◆ **PROBLEM DETAILS**
From the line containing "1、打开愤怒的小鸟爆破游戏,两个及以上相同颜色的气球即可进行消除。" down to the final line of the entries below, quote every line verbatim. Exclude pictures.

Excerpts from a dataset:
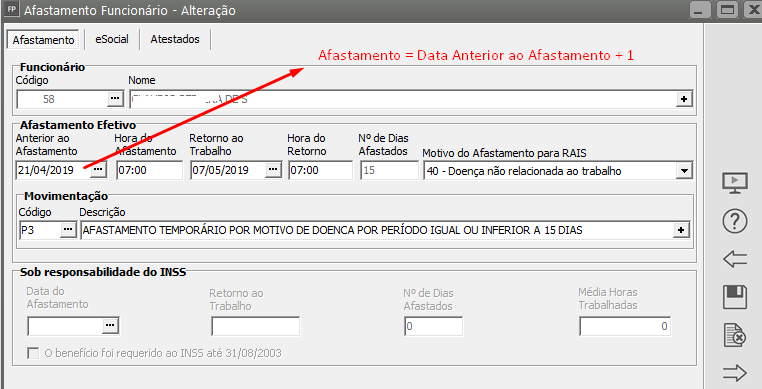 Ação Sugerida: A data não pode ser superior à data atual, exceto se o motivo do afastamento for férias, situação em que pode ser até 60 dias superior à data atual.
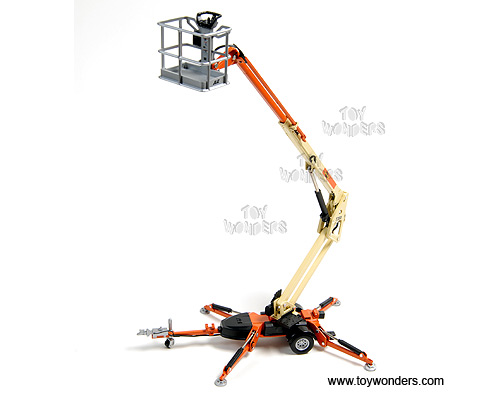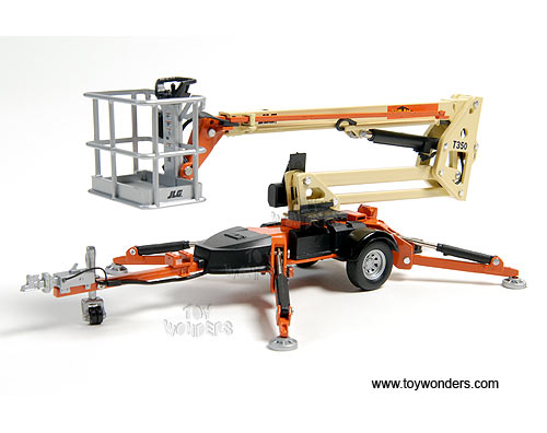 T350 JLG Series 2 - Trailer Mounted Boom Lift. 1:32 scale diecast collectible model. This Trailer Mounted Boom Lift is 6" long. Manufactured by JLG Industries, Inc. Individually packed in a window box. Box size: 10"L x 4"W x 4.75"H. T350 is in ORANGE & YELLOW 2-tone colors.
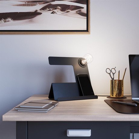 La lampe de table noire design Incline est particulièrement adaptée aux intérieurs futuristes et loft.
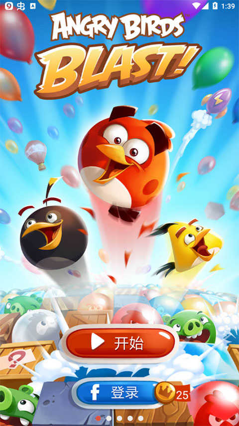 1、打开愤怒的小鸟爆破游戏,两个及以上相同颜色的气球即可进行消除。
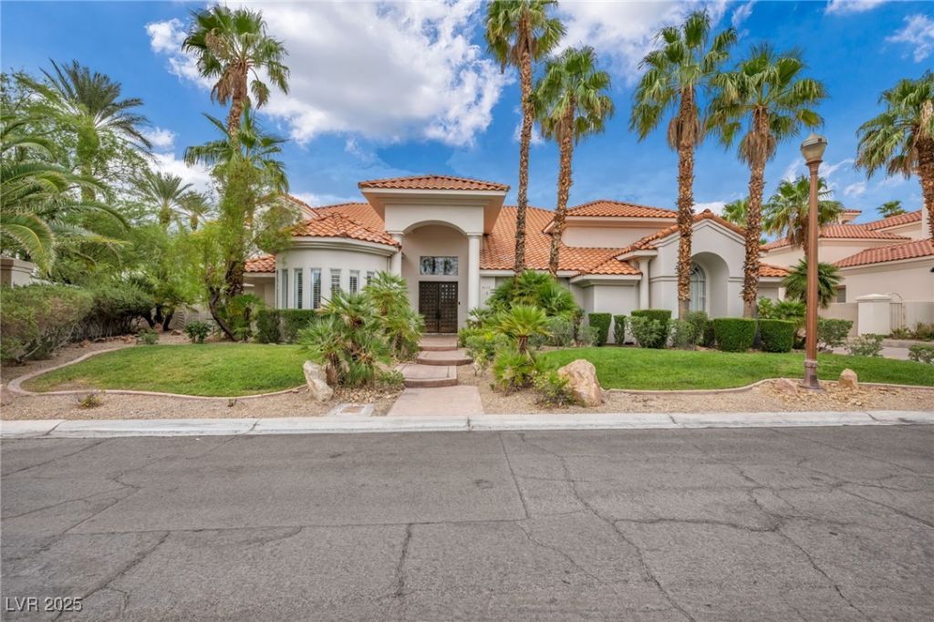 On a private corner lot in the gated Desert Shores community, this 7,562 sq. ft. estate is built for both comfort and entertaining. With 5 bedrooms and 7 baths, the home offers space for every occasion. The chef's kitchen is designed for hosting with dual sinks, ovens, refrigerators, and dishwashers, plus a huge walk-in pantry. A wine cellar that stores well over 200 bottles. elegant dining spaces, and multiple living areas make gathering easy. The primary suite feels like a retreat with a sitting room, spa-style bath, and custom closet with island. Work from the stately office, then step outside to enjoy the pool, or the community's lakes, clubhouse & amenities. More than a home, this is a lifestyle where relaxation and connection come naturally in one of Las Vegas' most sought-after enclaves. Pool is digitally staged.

◆ **YOUR SOLUTION**
 1、打开愤怒的小鸟爆破游戏,两个及以上相同颜色的气球即可进行消除。
 On a private corner lot in the gated Desert Shores community, this 7,562 sq. ft. estate is built for both comfort and entertaining. With 5 bedrooms and 7 baths, the home offers space for every occasion. The chef's kitchen is designed for hosting with dual sinks, ovens, refrigerators, and dishwashers, plus a huge walk-in pantry. A wine cellar that stores well over 200 bottles. elegant dining spaces, and multiple living areas make gathering easy. The primary suite feels like a retreat with a sitting room, spa-style bath, and custom closet with island. Work from the stately office, then step outside to enjoy the pool, or the community's lakes, clubhouse & amenities. More than a home, this is a lifestyle where relaxation and connection come naturally in one of Las Vegas' most sought-after enclaves. Pool is digitally staged.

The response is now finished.